MARIAM MWENI MUSEMBI & TIMOTHY MUCHINA CHEGE v FERNANDO VISCHI, MASHURUBU SUPPLIERS LTD, COREMA LIMITED, RENZO QUACIARI & HOLBORN PROPERTIES LTD [2009] KEHC 1190 (KLR)
Full Case Text
REPUBLIC OF KENYA IN THE HIGH COURT OF KENYA AT MALINDI
Civil Suit 83 of 2008
MARIAM MWENI MUSEMBI………………………..1ST PLAINTIFF
TIMOTHY MUCHINA CHEGE………………...….…2ND PLAINTIFF
VERSUS
FERNANDO VISCHI…………………………..….…1ST DEFNENDAT
MASHURUBU SUPPLIERS LTD…………………..2ND DEFENDANT
COREMA LIMITED……………………………..…..3RD DEFENDANT
RENZO QUACIARI……………………………….…4TH DEFENDANT
HOLBORN PROPERTIES LTD……………….……5TH DEFENDANT
R U L I N G
The application dated 29-4-09 is a Notice of Motion made under section 3A of the Civil Procedure Act and Order L Rule 1 of the Civil Procedure Rules. It seeks that the “undertaking as to damages” dated 25th March 2009 and filed on 1st April 2009 by the 1st plaintiff be expunged from the record.

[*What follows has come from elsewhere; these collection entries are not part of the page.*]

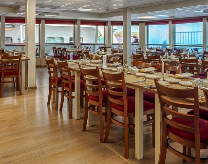 - Обед — заказная система питания (выбор блюд со 2-го дня круиза), фиксированная рассадка. Включённые напитки (без ограничения): вода, чай, кофе, морс;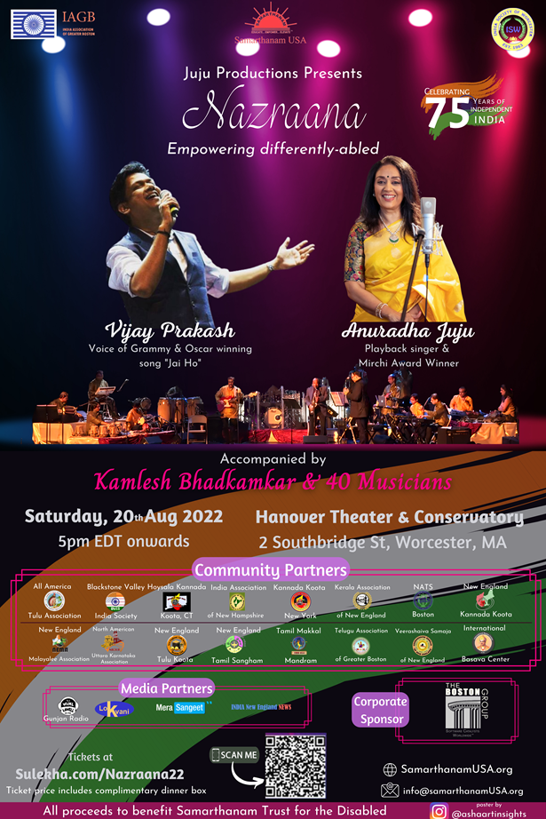 Vijay Prakash said, “It’s an honor to be associated with such wonderful minds and hearts. Samarthanam is doing transformational work by skilling, empowering and changing the lives of differently-abled people. I am also thrilled to be sharing the stage with Anuradha ji for a live concert for the first time – our earlier concert was online. Performing with the grand band of musicians from Mumbai led by Mr Kamlesh Bhadkamkar is the icing on the top. Boston music lovers – be prepared for a spectacular treat. I am looking forward to a great musical evening”.
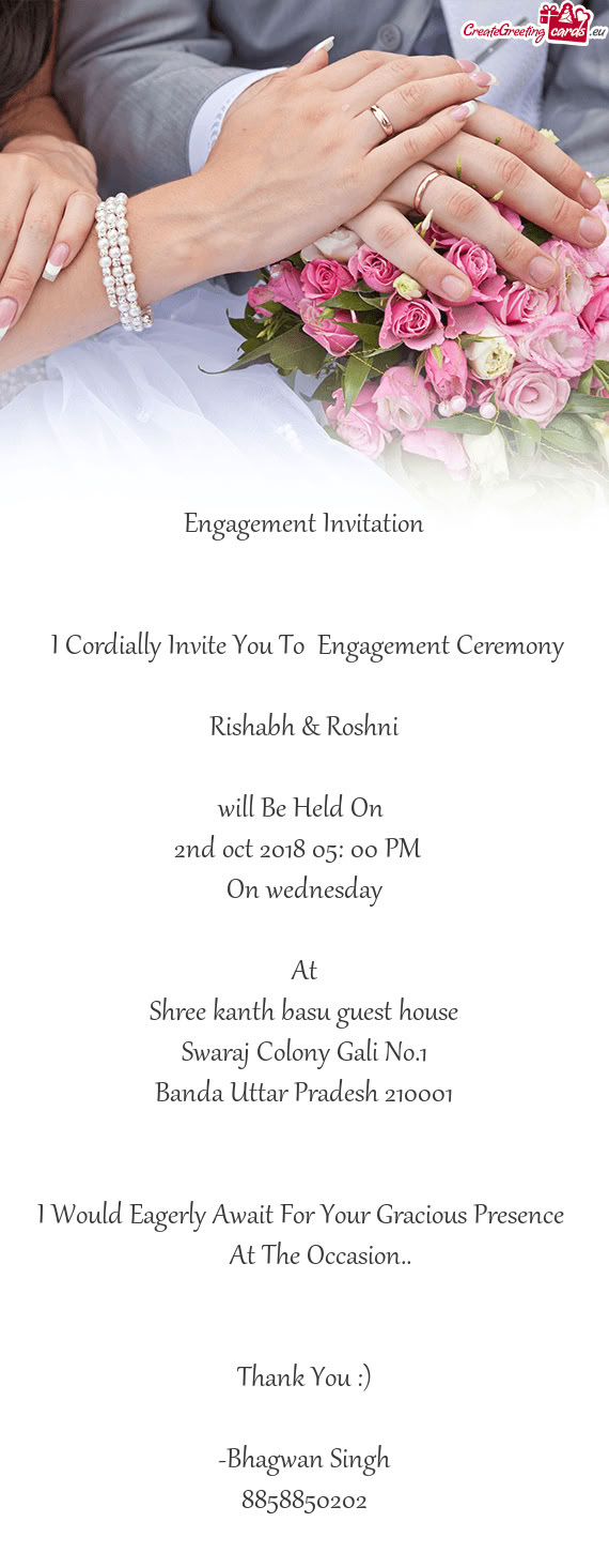 It gives us immense pleasure to invite you for the shagun and ring ceremony of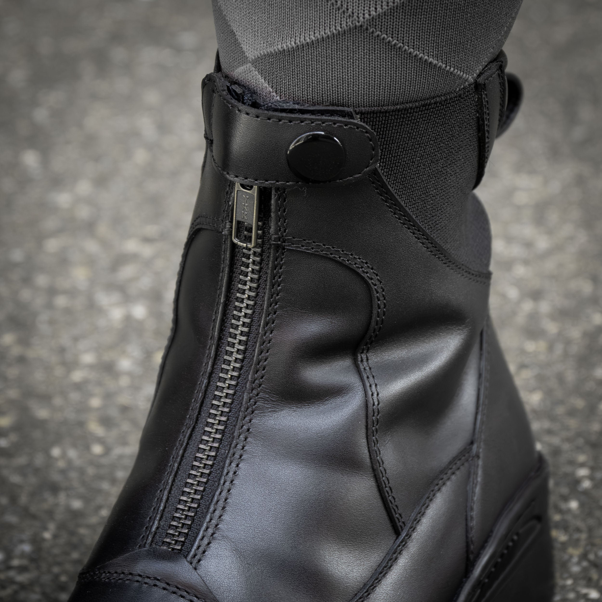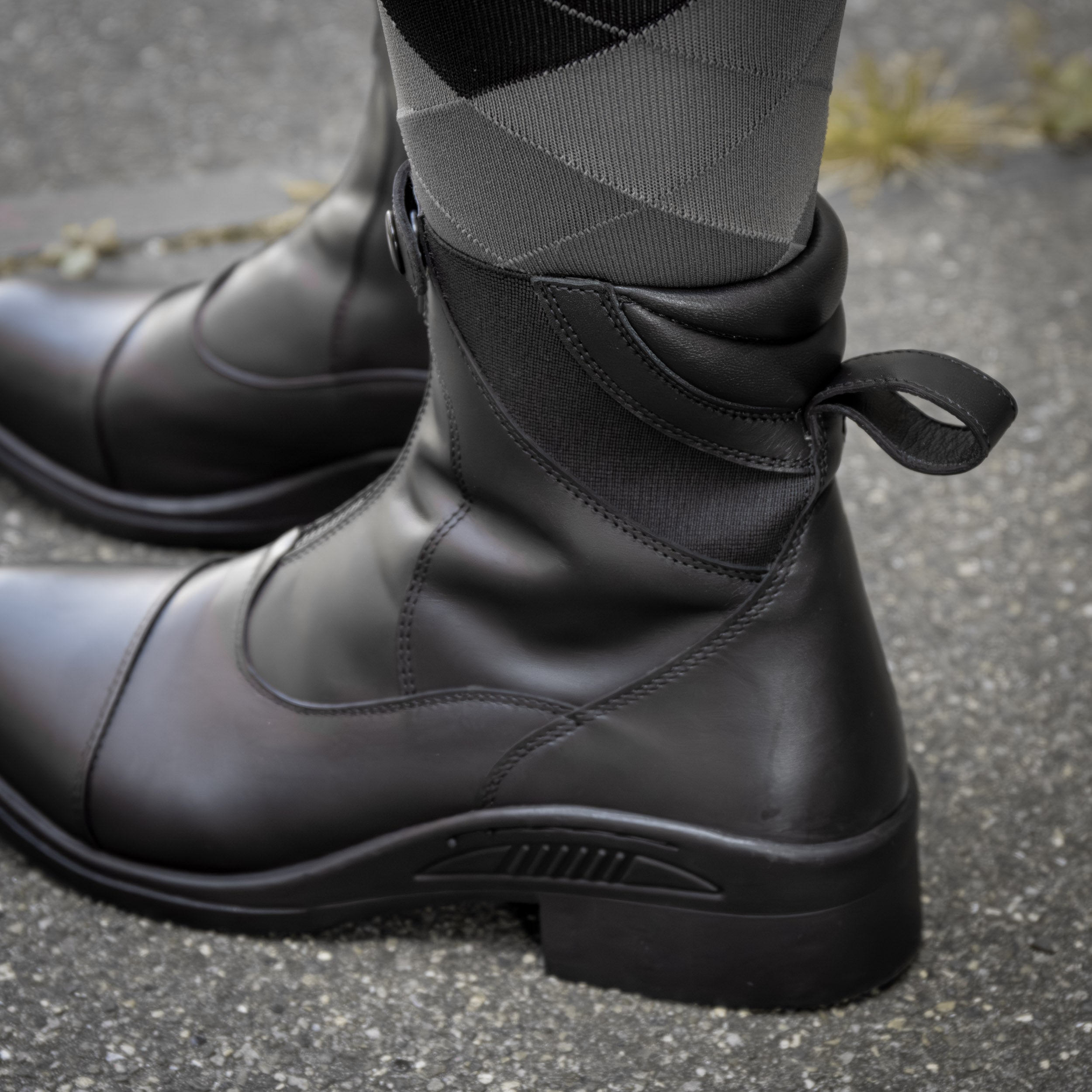 Gemaakt van stevig leder en gevoerd met zacht imitatiebont voor extra warmte. Uitgerust met een sterke YKK-rits met stopper voor een gemakkelijke instap. Elastische inzetstukken aan de zijkanten zorgen voor meer bewegingsvrijheid tijdens het rijden of wandelen. Voorzien van een aantreklus aan de achterkant voor extra gebruiksgemak.

It is premised on grounds that the same are bad in law and incompetent
(II) That the two undertakings are incapable of enforcement by court and should therefore be expunged from the record.
In the supporting affidavit by Fernando Vischi it is deponed that the court in granting an order in favour of the plaintiffs on 19-3-09 gave a condition that the plaintiffs were to give to court in writing an undertaking as to damages in the sum of Ksh 10,000,000/-. It is pointed out that there are two versions of the requisite undertaking filed in court on different times and signed by different people – the same are annexed and marked FV2 and 3. It is pointed out that the undertaking filed in court on 26-3-09 is signed by Marian Mueni Musembi and Timothy Muchina Chege yet the same is not attested to in any way.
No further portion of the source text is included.